BEGIN

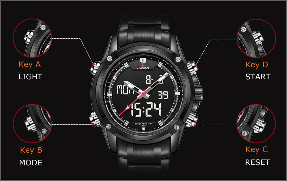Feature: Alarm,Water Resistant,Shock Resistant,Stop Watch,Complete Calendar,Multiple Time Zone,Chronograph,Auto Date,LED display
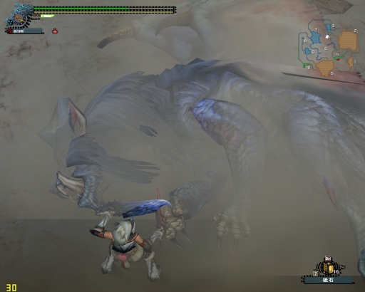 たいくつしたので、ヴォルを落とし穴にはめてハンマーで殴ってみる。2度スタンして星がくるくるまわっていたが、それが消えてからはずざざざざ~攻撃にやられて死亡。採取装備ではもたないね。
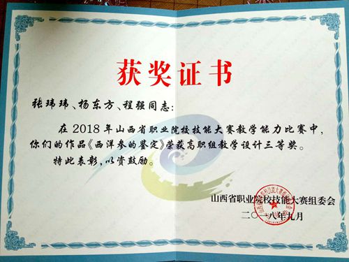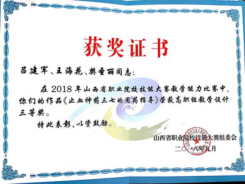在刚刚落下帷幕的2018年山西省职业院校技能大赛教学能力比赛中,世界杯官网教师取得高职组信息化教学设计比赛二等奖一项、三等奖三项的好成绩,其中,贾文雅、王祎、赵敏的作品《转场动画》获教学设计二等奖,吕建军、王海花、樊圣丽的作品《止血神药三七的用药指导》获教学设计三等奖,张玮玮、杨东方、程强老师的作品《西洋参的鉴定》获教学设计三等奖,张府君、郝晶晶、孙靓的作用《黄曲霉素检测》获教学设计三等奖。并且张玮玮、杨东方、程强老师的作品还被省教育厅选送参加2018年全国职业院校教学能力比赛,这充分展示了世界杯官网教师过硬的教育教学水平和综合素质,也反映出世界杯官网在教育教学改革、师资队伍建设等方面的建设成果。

END

Exercise requirements
The lines to copy run from the one with "たいくつしたので、ヴォルを落" through the end of the material. Write them out exactly, leaving out the pictures.

Your solution
 たいくつしたので、ヴォルを落とし穴にはめてハンマーで殴ってみる。2度スタンして星がくるくるまわっていたが、それが消えてからはずざざざざ~攻撃にやられて死亡。採取装備ではもたないね。
在刚刚落下帷幕的2018年山西省职业院校技能大赛教学能力比赛中,世界杯官网教师取得高职组信息化教学设计比赛二等奖一项、三等奖三项的好成绩,其中,贾文雅、王祎、赵敏的作品《转场动画》获教学设计二等奖,吕建军、王海花、樊圣丽的作品《止血神药三七的用药指导》获教学设计三等奖,张玮玮、杨东方、程强老师的作品《西洋参的鉴定》获教学设计三等奖,张府君、郝晶晶、孙靓的作用《黄曲霉素检测》获教学设计三等奖。并且张玮玮、杨东方、程强老师的作品还被省教育厅选送参加2018年全国职业院校教学能力比赛,这充分展示了世界杯官网教师过硬的教育教学水平和综合素质,也反映出世界杯官网在教育教学改革、师资队伍建设等方面的建设成果。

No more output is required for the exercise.